1. Nel caso in cui l’inadempimento delle prestazioni che formano oggetto del pacchetto non è di scarsa importanza ai sensi dell’articolo 1455 del codice civile, il viaggiatore può chiedere all’organizzatore o al venditore, secondo la responsabilità derivante dalla violazione dei rispettivi obblighi assunti con i rispettivi contratti, oltre ed indipendentemente dalla risoluzione del contratto, un risarcimento del danno correlato al tempo di vacanza inutilmente trascorso ed all’irripetibilità dell’occasione perduta.
2. Il diritto al risarcimento si prescrive in tre anni, ovvero nel più lungo periodo per il risarcimento del danno alla persona previsto dalle disposizioni che regolano i servizi compresi nel pacchetto, a decorrere dalla data del rientro del viaggiatore nel luogo di partenza.
(1) Articolo così sostituito dall’ art. 1, comma 1, D.Lgs. 21 maggio 2018, n. 62, che ha sostituito il Capo I, a decorrere dal 1° luglio 2018 e con applicabilità ai contratti conclusi a decorrere da tale data, ai sensi di quanto disposto dall’ art. 3, comma 1, del medesimo D.Lgs. n. 62/2018.
L’art. 46 si occupa di disciplinare l’ormai notissimo “danno da vacanza rovinata”, qualificato come un danno collegato al tempo di vacanza inutilmente trascorso ed all’irripetibilità dell’occasione perduta e configurabile quando l’inadempimento dei servizi che compongono il pacchetto turistico non sia “di scarsa importanza” nell’accezione vista nel commento dell’art. 42.
La prescrizione è stabilita in tre anni, fatto salvo un eventuale periodo più lungo, se correlato ad un danno alla persona.
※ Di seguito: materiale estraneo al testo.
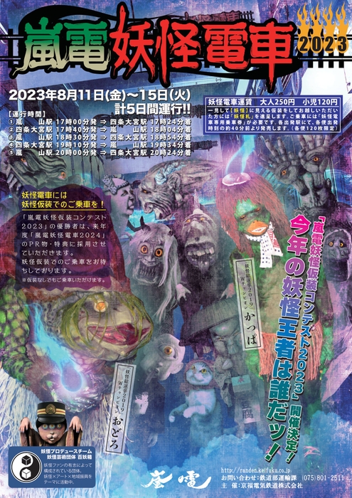 「嵐電妖怪電車」の運行ダイヤや関連イベントの内容が決定しましたのでお知らせします。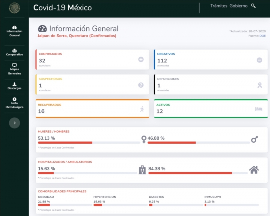 Jalpan de Serra, Qro., Julio del 2020.- Continúan en aumento los casos de COVID-19 en los municipios serranos, en donde al día de ayer sábado 18 de julio este municipio, llegó a los 32 casos, de los cuales aumentaron 3 más en un día.

Qualche considerazione: in primo luogo, il danno da vacanza rovinata si può configurare come una voce di danno distinta ed autonoma rispetto al risarcimento danni “puro” (di cui all’art. 43): in caso di inadempimento grave, il viaggiatore potrà quindi ottenere il rimborso dei danni economici patiti (spese aggiuntive e non previste, danni a cose o persone) ed il risarcimento del danno legato a quel tempo di vacanza inutilmente trascorso, a causa dell’inadempimento dell’organizzatore.
In secondo luogo, possiamo escludere, in forza del richiamo all’art. 1455 c.c., che il risarcimento del danno da vacanza rovinata possa essere riconosciuto nel caso in cui l’inadempimento sia di scarsa importanza o legato ad elementi futili.
La giurisprudenza in tema di danno da vacanza rovinata si è ormai fatta amplissima.
Per non dilungarci qui eccessivamente, possiamo ricordare che il danno da vacanza rovinata è ormai pacificamente ritenuto uno dei danni “non patrimoniali” risarcibili, ai sensi dell’art. 2059 del codice civile.
Cosa significa? Significa che il danno da vacanza rovinata è risarcibile come “danno morale”, ovvero come danno che non ha provocato una perdita economica in sé, ma un patimento, uno stress psicofisico o, meglio, come dice lo stesso codice del turismo, come un danno collegato al tempo di vacanza inutilmente trascorso ed all’irripetibilità dell’occasione perduta.
Ogni caso, quindi, andrà valutato a sé, tenendo sempre in considerazione che sarà onere del viaggiatore dimostrare che l’inadempimento del tour operator (camera sporca, bagagli smarriti, servizi non fruiti, pasti immangiabili) è stato tale da poter essere definito “di non scarsa importanza” e di grave pregiudizio per il sereno godimento della vacanza.